__Entries taken from a collection__.

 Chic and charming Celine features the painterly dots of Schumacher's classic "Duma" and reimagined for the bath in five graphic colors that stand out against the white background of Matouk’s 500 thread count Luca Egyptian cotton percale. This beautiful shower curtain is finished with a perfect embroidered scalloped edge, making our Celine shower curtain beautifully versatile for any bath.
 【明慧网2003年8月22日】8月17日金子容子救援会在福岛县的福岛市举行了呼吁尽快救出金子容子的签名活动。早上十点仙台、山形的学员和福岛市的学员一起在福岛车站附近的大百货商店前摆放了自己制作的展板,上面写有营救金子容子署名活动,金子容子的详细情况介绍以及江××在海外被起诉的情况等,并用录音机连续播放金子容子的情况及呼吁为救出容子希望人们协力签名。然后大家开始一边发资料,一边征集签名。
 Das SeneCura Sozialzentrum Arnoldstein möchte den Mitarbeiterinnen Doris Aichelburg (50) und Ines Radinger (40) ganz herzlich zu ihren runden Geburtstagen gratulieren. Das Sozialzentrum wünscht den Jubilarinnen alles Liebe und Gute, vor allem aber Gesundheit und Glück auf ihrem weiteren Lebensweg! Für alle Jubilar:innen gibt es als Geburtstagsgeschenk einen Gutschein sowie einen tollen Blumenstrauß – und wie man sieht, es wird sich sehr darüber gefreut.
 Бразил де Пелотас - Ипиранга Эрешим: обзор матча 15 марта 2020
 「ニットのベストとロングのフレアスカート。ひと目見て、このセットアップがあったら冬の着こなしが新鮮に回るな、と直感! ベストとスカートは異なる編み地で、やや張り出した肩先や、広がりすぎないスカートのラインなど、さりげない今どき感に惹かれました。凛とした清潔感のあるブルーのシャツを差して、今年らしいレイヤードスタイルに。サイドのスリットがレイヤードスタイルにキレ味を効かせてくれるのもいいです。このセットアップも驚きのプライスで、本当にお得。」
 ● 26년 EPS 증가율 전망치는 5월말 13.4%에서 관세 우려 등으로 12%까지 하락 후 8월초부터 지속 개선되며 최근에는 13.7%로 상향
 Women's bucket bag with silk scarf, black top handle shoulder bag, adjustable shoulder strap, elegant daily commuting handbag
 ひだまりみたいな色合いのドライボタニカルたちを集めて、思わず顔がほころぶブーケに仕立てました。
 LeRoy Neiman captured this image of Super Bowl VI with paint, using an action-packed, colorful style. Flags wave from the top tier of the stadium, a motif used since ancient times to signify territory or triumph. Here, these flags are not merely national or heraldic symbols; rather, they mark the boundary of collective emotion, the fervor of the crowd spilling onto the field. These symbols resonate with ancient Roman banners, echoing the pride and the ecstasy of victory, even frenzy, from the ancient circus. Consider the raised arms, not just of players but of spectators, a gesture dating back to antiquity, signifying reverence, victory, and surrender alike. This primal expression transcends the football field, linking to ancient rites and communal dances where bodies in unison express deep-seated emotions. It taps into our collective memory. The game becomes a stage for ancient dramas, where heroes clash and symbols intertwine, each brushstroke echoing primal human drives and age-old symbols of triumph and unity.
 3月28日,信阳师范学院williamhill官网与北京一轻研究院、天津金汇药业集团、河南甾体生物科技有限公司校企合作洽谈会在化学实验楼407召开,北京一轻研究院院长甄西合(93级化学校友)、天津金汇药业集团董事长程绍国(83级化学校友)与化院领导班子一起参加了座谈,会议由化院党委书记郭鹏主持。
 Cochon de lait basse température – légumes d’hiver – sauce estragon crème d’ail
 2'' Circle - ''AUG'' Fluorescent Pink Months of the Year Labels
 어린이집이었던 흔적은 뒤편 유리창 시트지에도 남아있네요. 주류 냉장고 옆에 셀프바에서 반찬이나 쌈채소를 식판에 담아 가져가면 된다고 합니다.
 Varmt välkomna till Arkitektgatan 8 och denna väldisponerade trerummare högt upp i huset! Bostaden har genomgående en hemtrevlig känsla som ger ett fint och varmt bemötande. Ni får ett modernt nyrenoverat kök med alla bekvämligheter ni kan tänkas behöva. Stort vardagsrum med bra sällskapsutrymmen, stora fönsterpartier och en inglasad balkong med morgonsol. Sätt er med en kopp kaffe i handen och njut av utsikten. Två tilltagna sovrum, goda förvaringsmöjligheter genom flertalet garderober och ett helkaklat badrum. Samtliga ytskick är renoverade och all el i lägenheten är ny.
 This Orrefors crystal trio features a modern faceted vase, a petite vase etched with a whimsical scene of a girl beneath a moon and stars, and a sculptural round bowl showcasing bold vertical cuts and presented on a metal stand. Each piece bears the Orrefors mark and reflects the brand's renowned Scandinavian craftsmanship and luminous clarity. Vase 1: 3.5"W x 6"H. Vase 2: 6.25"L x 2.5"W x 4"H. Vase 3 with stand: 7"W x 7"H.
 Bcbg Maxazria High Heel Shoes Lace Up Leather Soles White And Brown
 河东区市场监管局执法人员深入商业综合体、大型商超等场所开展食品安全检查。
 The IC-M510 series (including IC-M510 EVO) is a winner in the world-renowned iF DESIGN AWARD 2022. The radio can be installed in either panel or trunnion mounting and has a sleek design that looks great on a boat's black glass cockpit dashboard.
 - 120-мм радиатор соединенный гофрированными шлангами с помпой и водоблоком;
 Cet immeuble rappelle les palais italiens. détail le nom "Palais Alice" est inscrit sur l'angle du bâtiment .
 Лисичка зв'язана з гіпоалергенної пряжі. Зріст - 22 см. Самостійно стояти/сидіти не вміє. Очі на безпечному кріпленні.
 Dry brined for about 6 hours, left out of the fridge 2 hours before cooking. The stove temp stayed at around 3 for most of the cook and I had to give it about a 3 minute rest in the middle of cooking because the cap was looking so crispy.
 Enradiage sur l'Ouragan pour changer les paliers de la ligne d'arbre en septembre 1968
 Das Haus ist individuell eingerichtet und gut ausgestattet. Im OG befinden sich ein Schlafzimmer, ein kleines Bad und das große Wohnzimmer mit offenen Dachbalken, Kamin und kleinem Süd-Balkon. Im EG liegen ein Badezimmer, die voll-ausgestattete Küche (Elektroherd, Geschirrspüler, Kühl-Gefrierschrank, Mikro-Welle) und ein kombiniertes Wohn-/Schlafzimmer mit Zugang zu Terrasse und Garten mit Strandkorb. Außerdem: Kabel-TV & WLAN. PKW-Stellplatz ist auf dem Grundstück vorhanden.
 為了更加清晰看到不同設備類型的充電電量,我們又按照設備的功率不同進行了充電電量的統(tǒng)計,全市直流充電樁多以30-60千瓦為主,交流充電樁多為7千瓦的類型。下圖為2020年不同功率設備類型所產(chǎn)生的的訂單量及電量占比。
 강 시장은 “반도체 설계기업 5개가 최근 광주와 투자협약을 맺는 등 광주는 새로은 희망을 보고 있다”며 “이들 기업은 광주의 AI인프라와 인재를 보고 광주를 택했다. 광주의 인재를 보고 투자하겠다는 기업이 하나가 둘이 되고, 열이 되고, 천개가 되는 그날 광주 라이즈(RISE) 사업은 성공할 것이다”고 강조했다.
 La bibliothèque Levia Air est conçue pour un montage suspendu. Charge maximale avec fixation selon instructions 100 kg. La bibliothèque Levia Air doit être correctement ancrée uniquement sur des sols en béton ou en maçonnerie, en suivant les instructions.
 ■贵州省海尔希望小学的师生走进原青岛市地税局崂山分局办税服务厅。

__Exercise prompt__. Give the data again, unchanged in every line.

__The completed task__.
 Chic and charming Celine features the painterly dots of Schumacher's classic "Duma" and reimagined for the bath in five graphic colors that stand out against the white background of Matouk’s 500 thread count Luca Egyptian cotton percale. This beautiful shower curtain is finished with a perfect embroidered scalloped edge, making our Celine shower curtain beautifully versatile for any bath.
 【明慧网2003年8月22日】8月17日金子容子救援会在福岛县的福岛市举行了呼吁尽快救出金子容子的签名活动。早上十点仙台、山形的学员和福岛市的学员一起在福岛车站附近的大百货商店前摆放了自己制作的展板,上面写有营救金子容子署名活动,金子容子的详细情况介绍以及江××在海外被起诉的情况等,并用录音机连续播放金子容子的情况及呼吁为救出容子希望人们协力签名。然后大家开始一边发资料,一边征集签名。
 Das SeneCura Sozialzentrum Arnoldstein möchte den Mitarbeiterinnen Doris Aichelburg (50) und Ines Radinger (40) ganz herzlich zu ihren runden Geburtstagen gratulieren. Das Sozialzentrum wünscht den Jubilarinnen alles Liebe und Gute, vor allem aber Gesundheit und Glück auf ihrem weiteren Lebensweg! Für alle Jubilar:innen gibt es als Geburtstagsgeschenk einen Gutschein sowie einen tollen Blumenstrauß – und wie man sieht, es wird sich sehr darüber gefreut.
 Бразил де Пелотас - Ипиранга Эрешим: обзор матча 15 марта 2020
 「ニットのベストとロングのフレアスカート。ひと目見て、このセットアップがあったら冬の着こなしが新鮮に回るな、と直感! ベストとスカートは異なる編み地で、やや張り出した肩先や、広がりすぎないスカートのラインなど、さりげない今どき感に惹かれました。凛とした清潔感のあるブルーのシャツを差して、今年らしいレイヤードスタイルに。サイドのスリットがレイヤードスタイルにキレ味を効かせてくれるのもいいです。このセットアップも驚きのプライスで、本当にお得。」
 ● 26년 EPS 증가율 전망치는 5월말 13.4%에서 관세 우려 등으로 12%까지 하락 후 8월초부터 지속 개선되며 최근에는 13.7%로 상향
 Women's bucket bag with silk scarf, black top handle shoulder bag, adjustable shoulder strap, elegant daily commuting handbag
 ひだまりみたいな色合いのドライボタニカルたちを集めて、思わず顔がほころぶブーケに仕立てました。
 LeRoy Neiman captured this image of Super Bowl VI with paint, using an action-packed, colorful style. Flags wave from the top tier of the stadium, a motif used since ancient times to signify territory or triumph. Here, these flags are not merely national or heraldic symbols; rather, they mark the boundary of collective emotion, the fervor of the crowd spilling onto the field. These symbols resonate with ancient Roman banners, echoing the pride and the ecstasy of victory, even frenzy, from the ancient circus. Consider the raised arms, not just of players but of spectators, a gesture dating back to antiquity, signifying reverence, victory, and surrender alike. This primal expression transcends the football field, linking to ancient rites and communal dances where bodies in unison express deep-seated emotions. It taps into our collective memory. The game becomes a stage for ancient dramas, where heroes clash and symbols intertwine, each brushstroke echoing primal human drives and age-old symbols of triumph and unity.
 3月28日,信阳师范学院williamhill官网与北京一轻研究院、天津金汇药业集团、河南甾体生物科技有限公司校企合作洽谈会在化学实验楼407召开,北京一轻研究院院长甄西合(93级化学校友)、天津金汇药业集团董事长程绍国(83级化学校友)与化院领导班子一起参加了座谈,会议由化院党委书记郭鹏主持。
 Cochon de lait basse température – légumes d’hiver – sauce estragon crème d’ail
 2'' Circle - ''AUG'' Fluorescent Pink Months of the Year Labels
 어린이집이었던 흔적은 뒤편 유리창 시트지에도 남아있네요. 주류 냉장고 옆에 셀프바에서 반찬이나 쌈채소를 식판에 담아 가져가면 된다고 합니다.
 Varmt välkomna till Arkitektgatan 8 och denna väldisponerade trerummare högt upp i huset! Bostaden har genomgående en hemtrevlig känsla som ger ett fint och varmt bemötande. Ni får ett modernt nyrenoverat kök med alla bekvämligheter ni kan tänkas behöva. Stort vardagsrum med bra sällskapsutrymmen, stora fönsterpartier och en inglasad balkong med morgonsol. Sätt er med en kopp kaffe i handen och njut av utsikten. Två tilltagna sovrum, goda förvaringsmöjligheter genom flertalet garderober och ett helkaklat badrum. Samtliga ytskick är renoverade och all el i lägenheten är ny.
 This Orrefors crystal trio features a modern faceted vase, a petite vase etched with a whimsical scene of a girl beneath a moon and stars, and a sculptural round bowl showcasing bold vertical cuts and presented on a metal stand. Each piece bears the Orrefors mark and reflects the brand's renowned Scandinavian craftsmanship and luminous clarity. Vase 1: 3.5"W x 6"H. Vase 2: 6.25"L x 2.5"W x 4"H. Vase 3 with stand: 7"W x 7"H.
 Bcbg Maxazria High Heel Shoes Lace Up Leather Soles White And Brown
 河东区市场监管局执法人员深入商业综合体、大型商超等场所开展食品安全检查。
 The IC-M510 series (including IC-M510 EVO) is a winner in the world-renowned iF DESIGN AWARD 2022. The radio can be installed in either panel or trunnion mounting and has a sleek design that looks great on a boat's black glass cockpit dashboard.
 - 120-мм радиатор соединенный гофрированными шлангами с помпой и водоблоком;
 Cet immeuble rappelle les palais italiens. détail le nom "Palais Alice" est inscrit sur l'angle du bâtiment .
 Лисичка зв'язана з гіпоалергенної пряжі. Зріст - 22 см. Самостійно стояти/сидіти не вміє. Очі на безпечному кріпленні.
 Dry brined for about 6 hours, left out of the fridge 2 hours before cooking. The stove temp stayed at around 3 for most of the cook and I had to give it about a 3 minute rest in the middle of cooking because the cap was looking so crispy.
 Enradiage sur l'Ouragan pour changer les paliers de la ligne d'arbre en septembre 1968
 Das Haus ist individuell eingerichtet und gut ausgestattet. Im OG befinden sich ein Schlafzimmer, ein kleines Bad und das große Wohnzimmer mit offenen Dachbalken, Kamin und kleinem Süd-Balkon. Im EG liegen ein Badezimmer, die voll-ausgestattete Küche (Elektroherd, Geschirrspüler, Kühl-Gefrierschrank, Mikro-Welle) und ein kombiniertes Wohn-/Schlafzimmer mit Zugang zu Terrasse und Garten mit Strandkorb. Außerdem: Kabel-TV & WLAN. PKW-Stellplatz ist auf dem Grundstück vorhanden.
 為了更加清晰看到不同設備類型的充電電量,我們又按照設備的功率不同進行了充電電量的統(tǒng)計,全市直流充電樁多以30-60千瓦為主,交流充電樁多為7千瓦的類型。下圖為2020年不同功率設備類型所產(chǎn)生的的訂單量及電量占比。
 강 시장은 “반도체 설계기업 5개가 최근 광주와 투자협약을 맺는 등 광주는 새로은 희망을 보고 있다”며 “이들 기업은 광주의 AI인프라와 인재를 보고 광주를 택했다. 광주의 인재를 보고 투자하겠다는 기업이 하나가 둘이 되고, 열이 되고, 천개가 되는 그날 광주 라이즈(RISE) 사업은 성공할 것이다”고 강조했다.
 La bibliothèque Levia Air est conçue pour un montage suspendu. Charge maximale avec fixation selon instructions 100 kg. La bibliothèque Levia Air doit être correctement ancrée uniquement sur des sols en béton ou en maçonnerie, en suivant les instructions.
 ■贵州省海尔希望小学的师生走进原青岛市地税局崂山分局办税服务厅。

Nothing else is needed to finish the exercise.